Health Services Act 1980
- Parliament of the United Kingdom
- Long title: An Act to make further provision with respect to the health services in England, Wales and Scotland and their use by private patients and with respect to hospitals and nursing homes outside those services; to dissolve or make further provision with respect to certain bodies connected with or with persons providing services within those health services; and for connected purposes.
- Citation: 1980 c. 53
- Introduced by: Secretary of State for Social Services, Patrick Jenkin, 1979 (Commons)
- Territorial extent: England and Wales; Scotland;

Dates
- Royal assent: 8 August 1980
- Commencement: various

Other legislation
- Amends: Health Services Act 1976;
- Amended by: Abortion Act 1967; Mental Health Act 1983; Public Health (Control of Disease) Act 1984; Registered Homes Act 1984; Road Traffic (Consequential Provisions) Act 1988; Statute Law (Repeals) Act 1989; Trade Union and Labour Relations (Consolidation) Act 1992; Health Service Commissioners Act 1993; Health and Social Care Act 2001; Statute Law (Repeals) Act 2004; Smoking, Health and Social Care (Scotland) Act 2005; National Health Service (Consequential Provisions) Act 2006;

Status: Amended

Text of statute as originally enacted

Revised text of statute as amended

Text of the Health Services Act 1980 as in force today (including any amendments) within the United Kingdom, from legislation.gov.uk.

= Health Services Act 1980 =

Act of the Parliament of the United Kingdom

The Health Services Act 1980 (c. 53) is an act of the Parliament of the United Kingdom that reorganised the administration of the National Health Service in England and Wales.
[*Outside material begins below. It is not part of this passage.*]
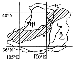 小题3:图中乙处位于黄土高原地区,由于植被破坏,最突出的生态环境问题是水土流失,A对。这里位于半湿润地区,夏季暴雨集中,降水较多,荒漠化不是主要生态问题,B错。土地盐碱化主要发生在干旱、半干旱区,这里水土流失严重,形不成盐碱化土地,C错。土壤酸化问题在我要南方比较严重是,不是在北方地区,D错。

The Act abolished all area health authorities (AHAs) in 1982 and replaced them with 192 district health authorities (DHAs). It also repealed the provisions that had been introduced in the National Health Service Act 1977 which sought to remove paid private treatment from NHS hospitals.

==Background==
A Royal Commission on the National Health Service was established in 1975 and published its report in July 1979. It heard complaints that the AHAs created under the National Health Service Reorganisation Act 1973 added an extra and unnecessary tier of management. Although the 1973 Act had established a two-tier system of AHAs and RHAs, there was, in effect, a third lower administrative tier as the work of hospital management was done at district general hospital level.
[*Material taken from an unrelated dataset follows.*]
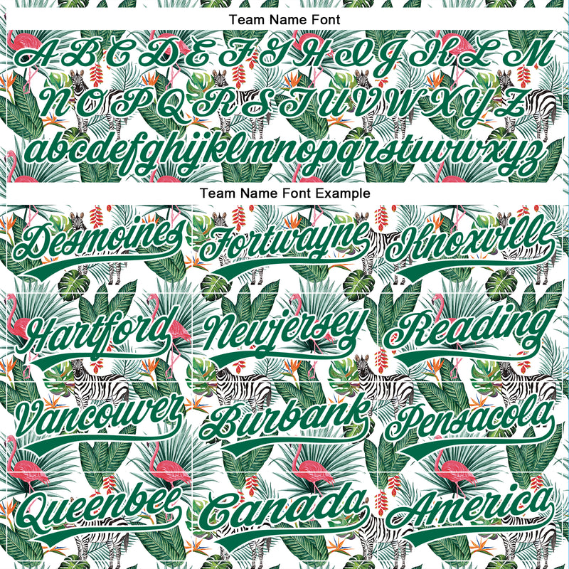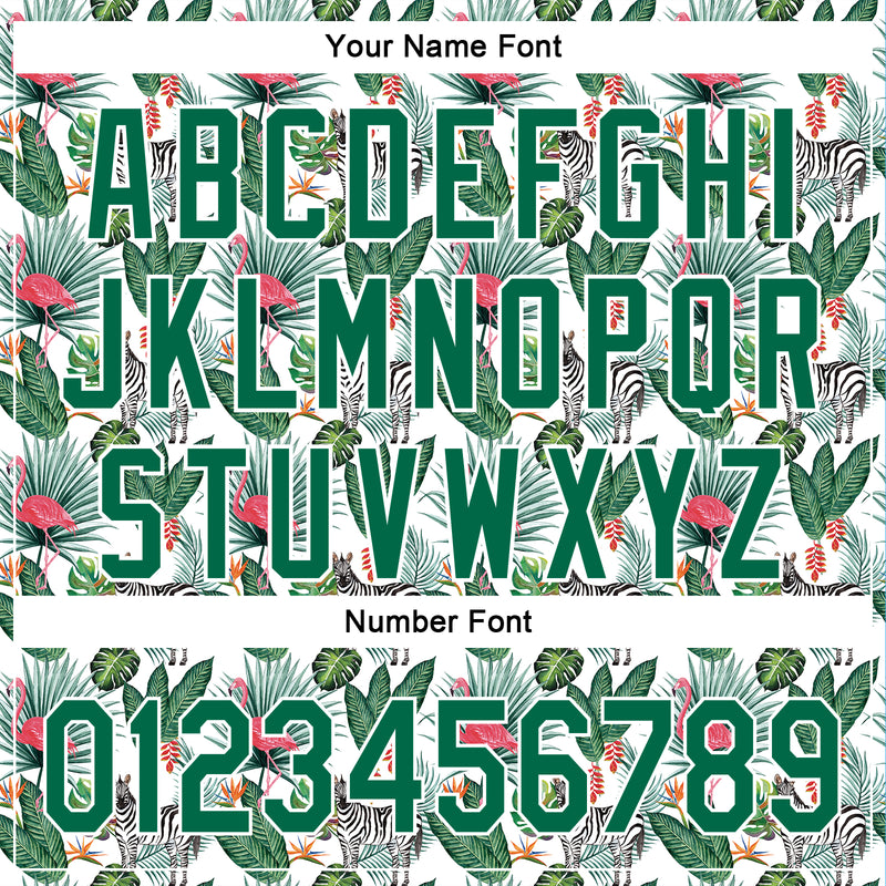 Custom White Kelly Green 3D Pattern Design Animal Zebra Flamingo And Hawaii Palm Leaves Authentic Baseball Jersey

The 'Patients First' consultation document was published in December 1979 which largely agreed with recommendations made by the Royal Commission to reduce the number of administrative tiers.

==Effects==
In 1982, the 90 AHAs were abolished and replaced by 192 DHAs under the Health Services Act 1980, but the RHAs remained. DHAs were established centred on district hospitals, and not necessarily aligned to local authority boundaries as the 90 AHAs had been.

Just as the AHAs had done, each DHA worked alongside a family practitioner committee (replaced by family health services authorities in 1990), which was responsible for managing primary care services such as general practice, pharmacy and dentistry.

The act also repealed the provisions relating to pay beds introduced under the previous Labour government in the National Health Service Act 1977.

==Subsequent reorganisations==
Family practitioner committees were replaced by family health services authorities (FHSAs) under the National Health Service and Community Care Act 1990. The 1990 act also created NHS trusts and altered the roles of DHAs and local authorities to create an internal market.

The DHAs were reorganised on a number of occasions in the 1990s, and in 1996, new single-tier health authorities replaced both DHAs and FHSAs as a result of the Health Authorities Act 1995.